Task instructions ▸
Would you please set down, word for word, the lines from the one with "Каменная отделка очень" through the final line of the data below, omitting any pictures?
· · · · · · ·
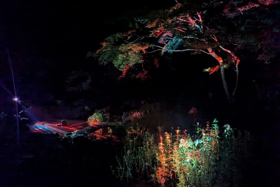 そのほか、映像作家・ソネソラによるインスタレーションや、インセンスブランド・リスンによる香りの演出など、こだわり尽くしの演出も。イベントが進むにつれ、美しい庭園と隣接する、開け放たれた「方丈」は、蝉の声から、涼しげな秋の虫の声に包まれ、まるでアーティストたちと虫たちのセッションのような展開に。
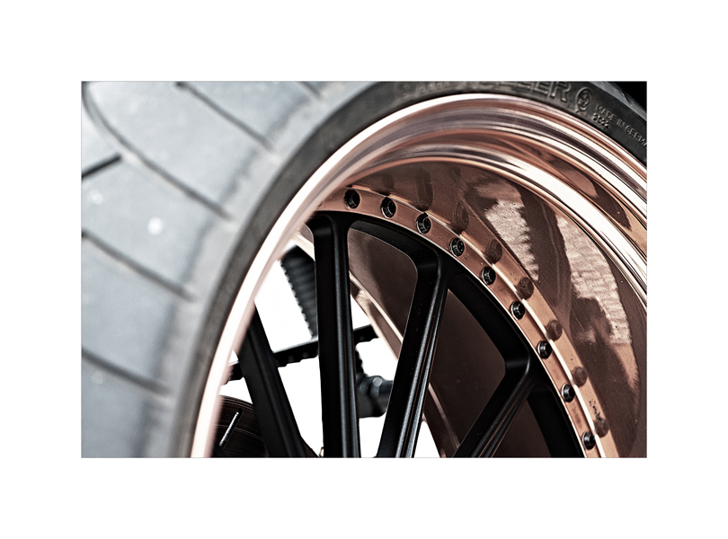 Il pneumatico con le sue macchie toglie molta visibilità al cerchio col suo riflesso....
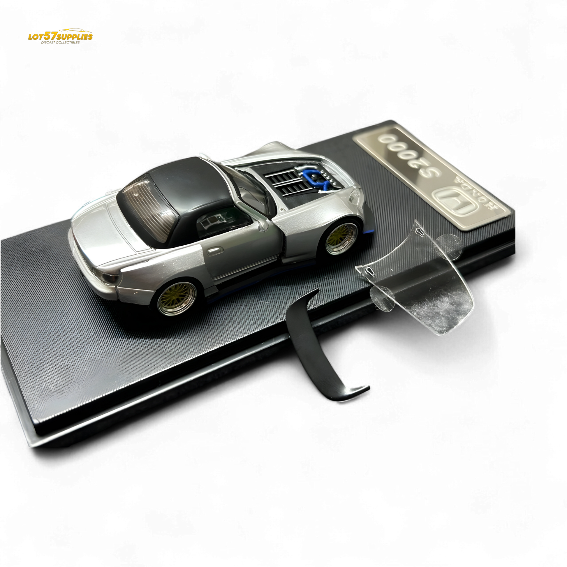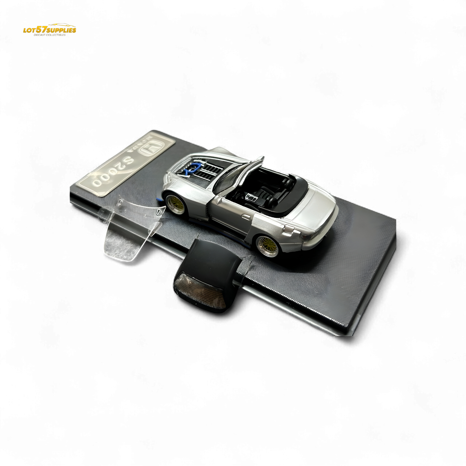 This is the Rhino Model RM 1:64 scale diecast of the Honda S2000 Wide-Body Roadster in Silver. This collectible features detailed craftsmanship, capturing the aesthetics and performance style of the Honda S2000. Made from high-quality materials, it replicates the wide-body roadster's unique design and is perfect for collectors and enthusiasts. Ideal for diecast collectors and Honda fans alike.
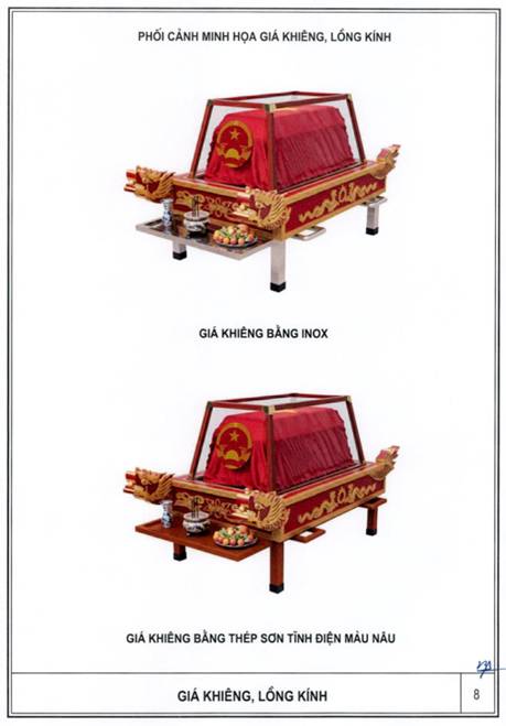 Lồng kính có khung bằng kim loại hoặc vật liệu phù hợp, bao bọc xung quanh bằng kính hoặc vật liệu trong suốt tương đương, để hở mặt đáy; mặt trước bố trí biểu trưng Quốc huy nước Cộng hòa xã hội chủ nghĩa Việt Nam;
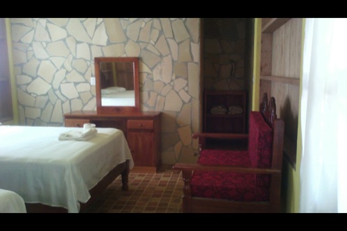 Esta habitación cuenta con un sillón, repisa, tocador, un baño privado con agua caliente y una terraza amueblada.
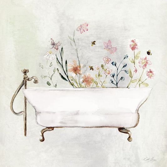 Charming Bath I Black Ornate Wood Framed Art Print with Double Matting by Tava Studios
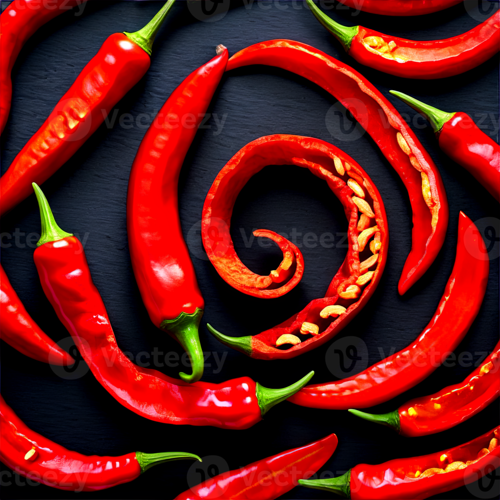 AI Generated A red cayenne pepper cut into thin strips, with the strips arranged in a spiral pattern, captured from a Pro PNG
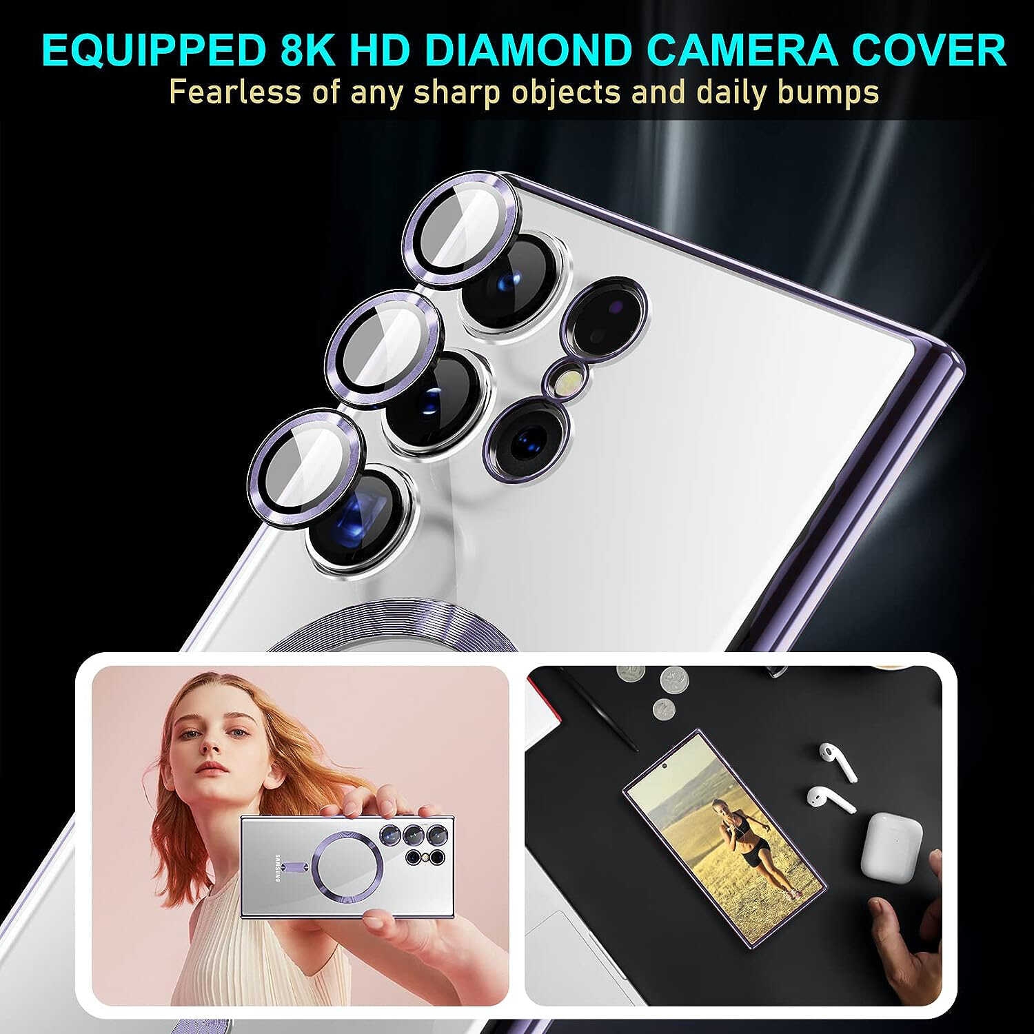 Clear Slim Electroplating Case Compatible with Samsung Galaxy S23 Ultra, Compatible with MagSafe, Anti-Fingerprint and Scratch Resistant Magnetic Phone Case, [Camera Protection] Transparent Case.
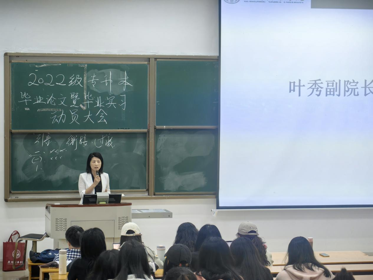 在2022级专升本毕业生的动员环节,叶秀副院长作了同样深入的动员讲话。她指出,实习是融入职业环境的关键一步,论文则是学术能力与专业素养的集中呈现,二者共同构成同学们迈向更高发展平台的重要基石。她希望同学们珍惜这一阶段的锻炼机会,在实践中巩固知识,在研究中提升能力。叶秀副院长对专升本同学提出五项期望:一要高度重视、全情投入,协调好实习工作与论文写作的节奏,做到“两手抓、两不误”;二要尽快完成从学生到实习生的角色转换,在实践中学习、在岗位上成长,真正做到知行合一;三要立足实际、关注现实问题,从实践场景中提炼论文选题,增强研究的针对性与应用性;四要恪守学术诚信,注重逻辑严谨与表达规范,在论文中体现独立思考与扎实功底;五要主动沟通、善用资源,积极向指导老师和带教老师请教,在互动中提升专业能力与综合素养。她最后寄语全体同学:“愿你们以沉静之心面对挑战,以扎实之行书写成长,最终丰收归来、平安归来、顺利毕业!”
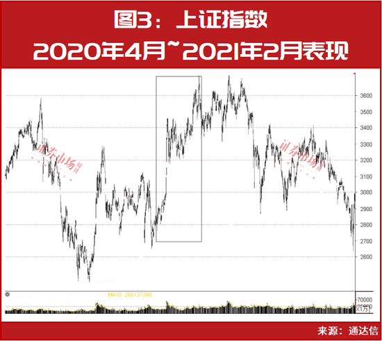 北上资金于2020年4月7日与4月14日两个交易日净流入金额均超过百亿元,在此之后,市场同样开启了强势反弹模式,如上证指数于2020年4月持续震荡上涨至2021年2月中旬,期间累计上涨超过30%(见图3)。
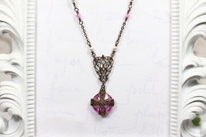 The deep pink glass jewel has been wrapped in a sturdy brass filigree and is suspended from anothe brass filigree piece. The chain has been hand beaded with Swarovski white pearls and givre fire polished beads. A lovely piece for any occassion. The chain measures 18 inches and the filigree piece with glass jewel measures 2 inches. All brass is American made Vintaj Brass.
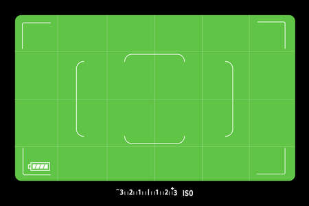 Camera viewfinder night vision video or photo frame recorder flat style design vector illustration. Digital camera viewfinder with exposure settings and focusing grid template.
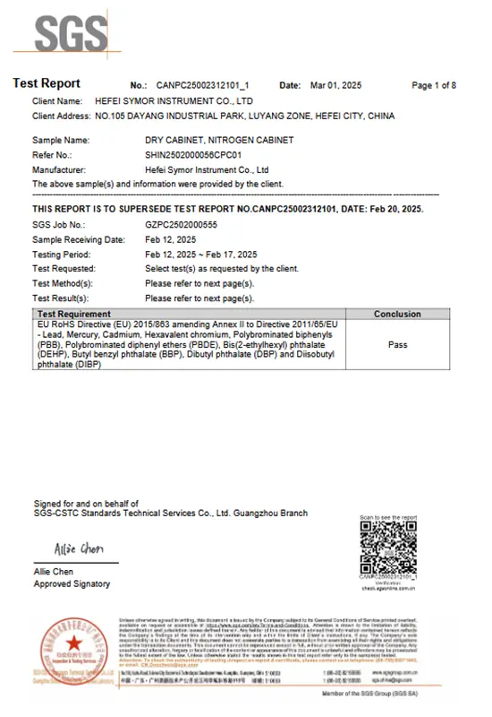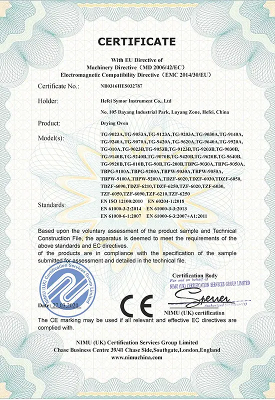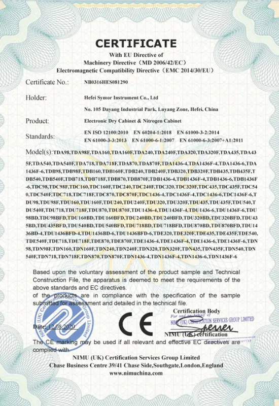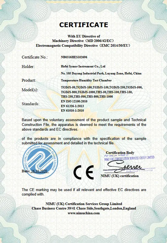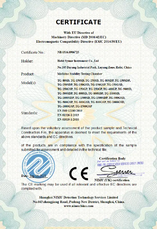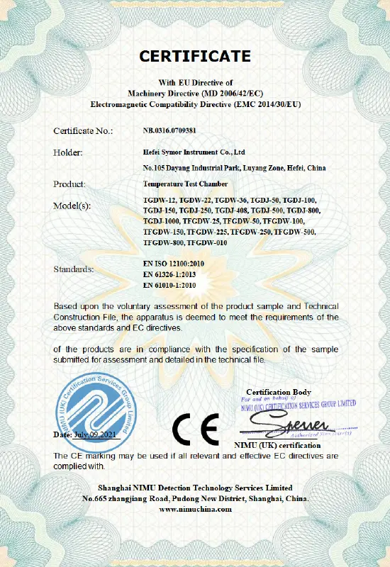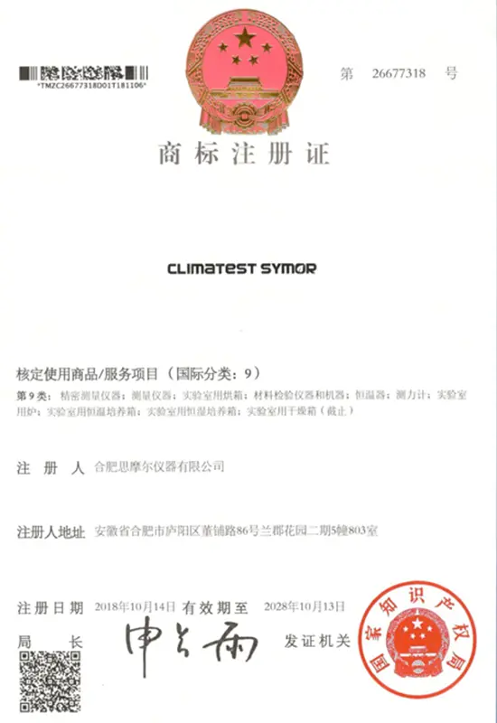 O sucesso empresarial está ligado à qualidade. Impulsionados por um rigoroso sistema de controle de qualidade, estamos comprometidos em fornecer produtos e soluções superiores e nos esforçamos para criar valor agregado para nossa clientela global. Symor Instrument Equipment Co., Ltd é certificada pela ISO 9001:2015, todas as câmaras climáticas e gabinetes secos são aprovados pela CE.
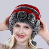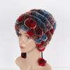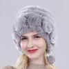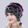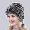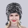 Hot Sale Winter Women Flowers Striped Natural Real Rex Rabbit Fur Hats Lady Warm Knit Genuine Fur Caps Russian Outdoor Fur Hats
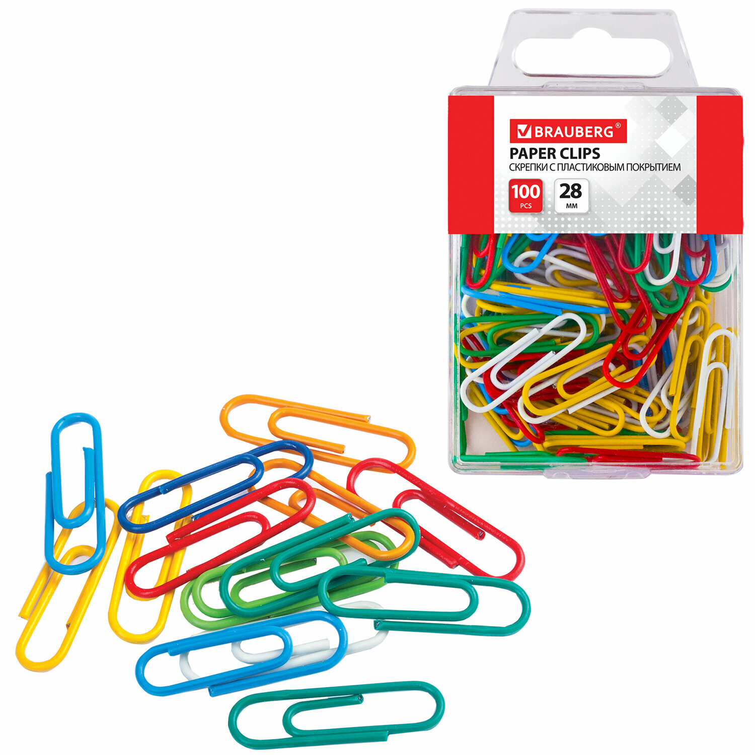 Скрепки BRAUBERG, 28 мм, цветные, 100 шт., в пластиковой коробке, 221111, 221111
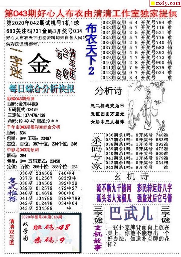 牛彩版3D字谜彩报图26年031期打印版
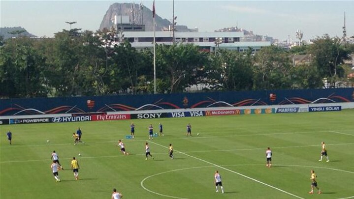 Først en omgang let opvarmning efterfulgt af et par småøvelser, og så tre kvarters højintenst spil til to mål på en forkortet bane, hvorfra der er frit udsyn til en mand, som lige akkurat slår Zico i popularitet her i byen, nemlig kristusfiguren på toppen af Corcovado-bjerget.
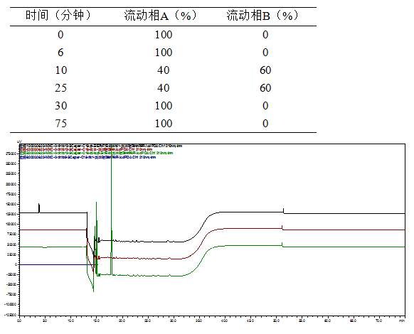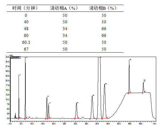 柱溫40℃;檢測波長220nm;流速1ml/min;進樣量20μl;供試品濃度:1mg/min
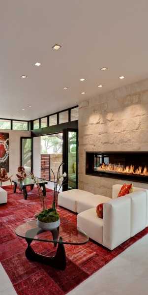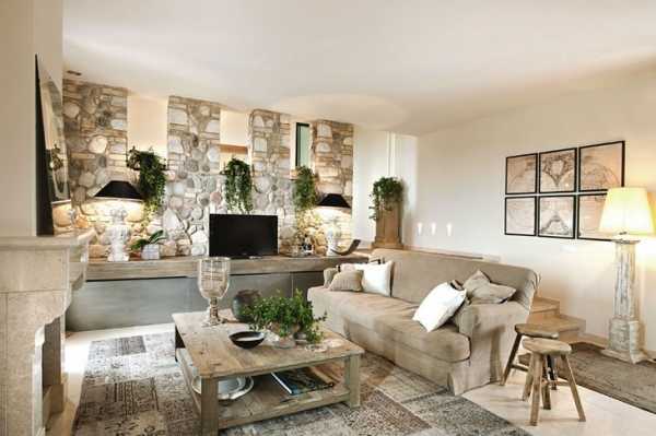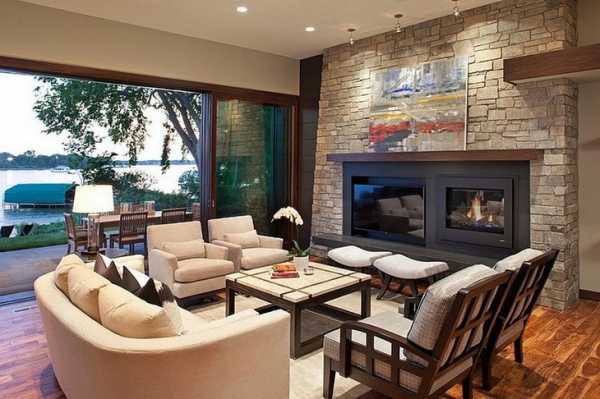 Каменная отделка очень красиво смотрится в тандеме со всевозможными фонтанчиками, аквариумами и вьющимися растениями. Просто замечательно каменные плиты будут смотреться в качестве отделочного материала камина, полочек возле него, ниш, а также дверных и оконных проемов, откосов. Например, красивая отделка декоративным камнем углов на фото видна очень хорошо. В больших помещениях можно использовать отделочные материалы большого размера. Они еще больше подчеркнут обилие свободного пространства. Не стоит применять подобную отделку в узких комнатах, ведь они будут смотреться как мрачные подземелья, в которых просто невозможно будет долго находиться.
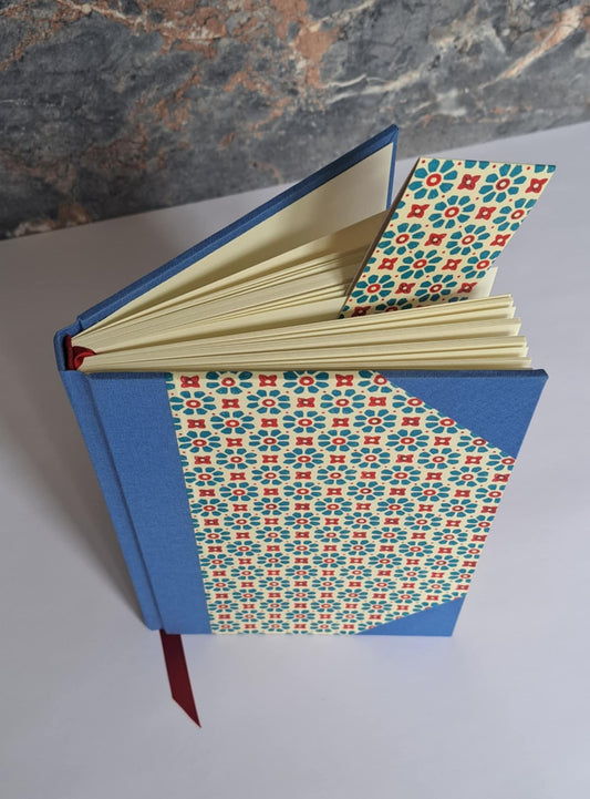 A5 Journal/Notebook (lined) - blue cloth bound with geometric floral design front cover
· · · · · · ·
Exercise result ▸
 Каменная отделка очень красиво смотрится в тандеме со всевозможными фонтанчиками, аквариумами и вьющимися растениями. Просто замечательно каменные плиты будут смотреться в качестве отделочного материала камина, полочек возле него, ниш, а также дверных и оконных проемов, откосов. Например, красивая отделка декоративным камнем углов на фото видна очень хорошо. В больших помещениях можно использовать отделочные материалы большого размера. Они еще больше подчеркнут обилие свободного пространства. Не стоит применять подобную отделку в узких комнатах, ведь они будут смотреться как мрачные подземелья, в которых просто невозможно будет долго находиться.
 A5 Journal/Notebook (lined) - blue cloth bound with geometric floral design front cover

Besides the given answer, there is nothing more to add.